An individual who files a lawsuit for retaliation by an employer for reporting a suspected violation of law may disclose the employer's trade secret to the attorney of the individual and use the trade secret information in the court proceeding if the individual (A) files any document containing the trade secret under seal; and (B) does not disclose the trade secret, except pursuant to court order.

It appears this notification should be in new employment agreements and policy handbooks entered after May 19, 2016. Ideally, employers would collect acknowledgements that its employees have been advised of the new policy. The immunity appears to apply to any agreement that might be the cornerstone of a misappropriation claim under the DTSA, including NDAs, Non-Compete Agreements, Independent Contractor Agreements and Separation Agreements.

Should Employers Actually Provide the Immunity Notice?

There are other tradeoffs. In addition to being an aggravation for employers to implement, the immunity notice might be seen as a roadmap for an unscrupulous employee, or his new employer, to build an employment claim around use of an alleged trade secret or an opportunity to try to defeat the trade secret in court proactively. Employers may be very reluctant to set out the immunity notice. Further, while the employer may risk losing recovery of attorneys’ fees and enhanced damages under the DTSA, a CUTSA claim likely can be combined with it and still provide those remedies.
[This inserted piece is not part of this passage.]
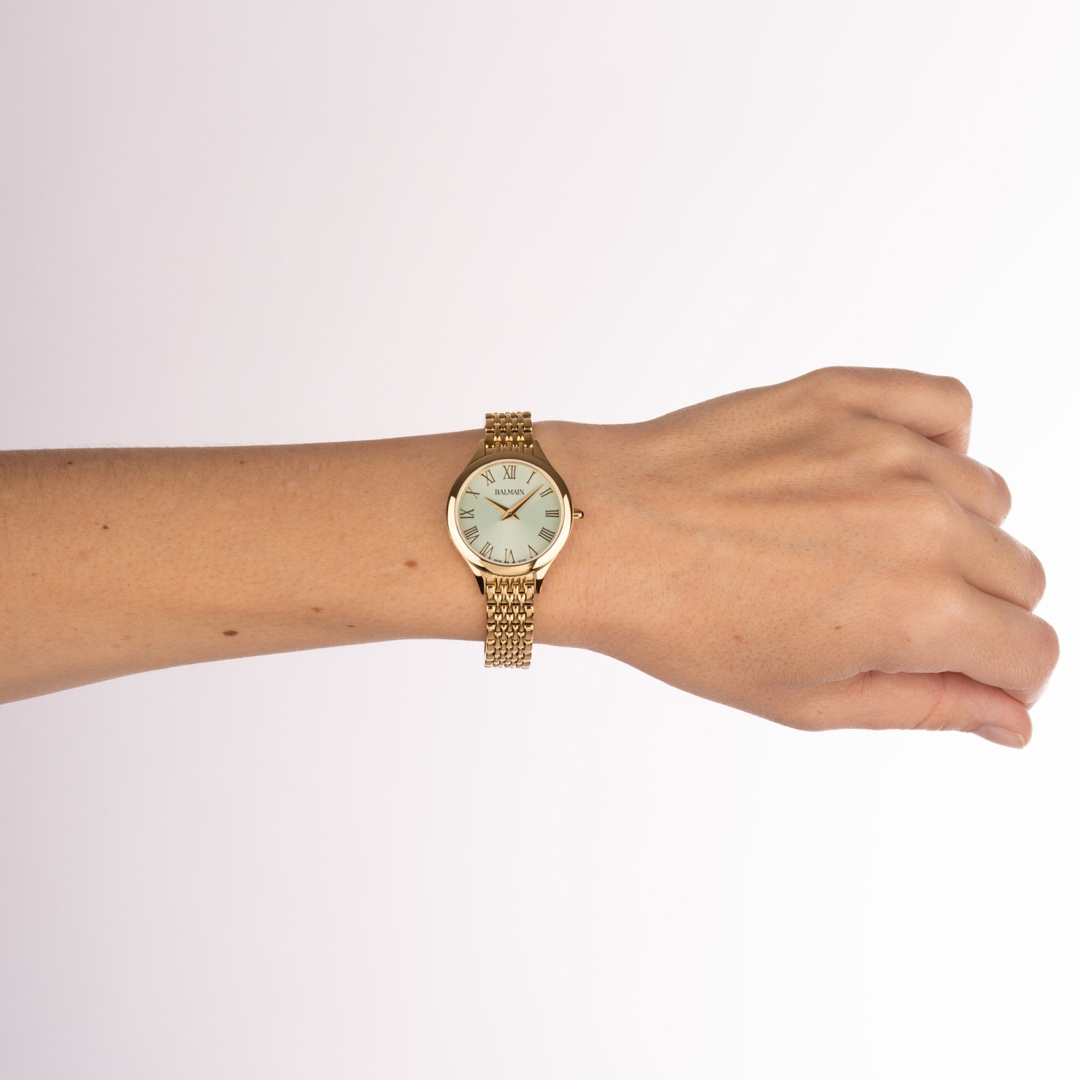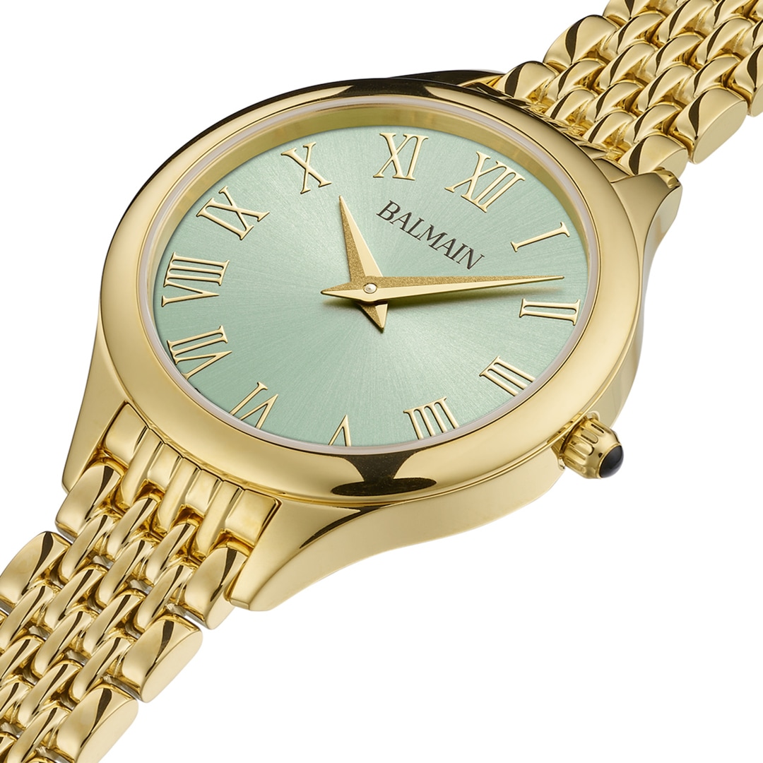 Die Uhren von Balmain, mit dem prestigeträchtigen Label Swiss Made, werden in Saint-Imier hergestellt, der Wiege der traditionellen Uhrmacherkunst im Herzen des Jura. Alle Balmain-Uhren erfüllen die gleichen strengen Qualitätskriterien: Sie sind erhältlich in preiswerten Edelstahl Ausführungen, aufwendigen goldigen oder rosafarbenen PVD Beschichtungen bis hin zu extravaganten Verzierungen mit Diamanten. Jedes Detail ist perfekt verarbeitet, passt auf den roten Teppich der Stars oder auf den Bürgersteig der Stadt und ergänzt den dynamischen männlichen und weiblichen Lebensstil von heute. Die Dekoration mit Arabesken ist ein charakteristischer Akzent im Design der Zeitmesser. Balmain-Uhren setzen sich dafür ein, die Tradition der massgeschneiderten Zeit in die Zukunft zu tragen. Schweizer Uhrmacherkompetenz und Innovation haben zu Kollektionen geführt, die die Raffinesse und den Reiz der Haute Couture genau widerspiegeln. Kühne, attraktive Formen prägen die Handschrift der Uhren. Die Geschichte der Uhrenmarke umfasst eine Reihe von Premieren und Aufsehen erregenden Ausführungen. In den 1990er Jahren setzte Balmain in noch nie dagewesener Weise Diamantfassungen in Uhrengehäusen aus Stahl ein. 1998 präsentierte die Chronolady den weltweit kleinsten Chronographen für eine Damenuhr.

It would appear employers can still reap the advantages of both Acts without providing the immunity notice.

 

However, there are other issues about the immunity disclosure that indicate this aggravation should be taken seriously. Employers might risk class action or government enforcement actions if they fail to provide the immunity notice. The immunity applies to disclosure in court proceedings or to the government, but what about private contract arbitration? Additionally, one opposing an employer’s attempt to characterize information as a trade secret may argue that its failure to provide the immunity notice is a tacit admission that the information was not a trade secret at all. The failure to provide the notice may also be claimed to be an unfair employment practice.

 

It appears that more trade secret litigation will be headed to federal court, and it also appears employers can combine DTSA and CUTSA claims to keep their options open. It is still important that employers consider both sides of the immunity issue and wisely choose which path to follow.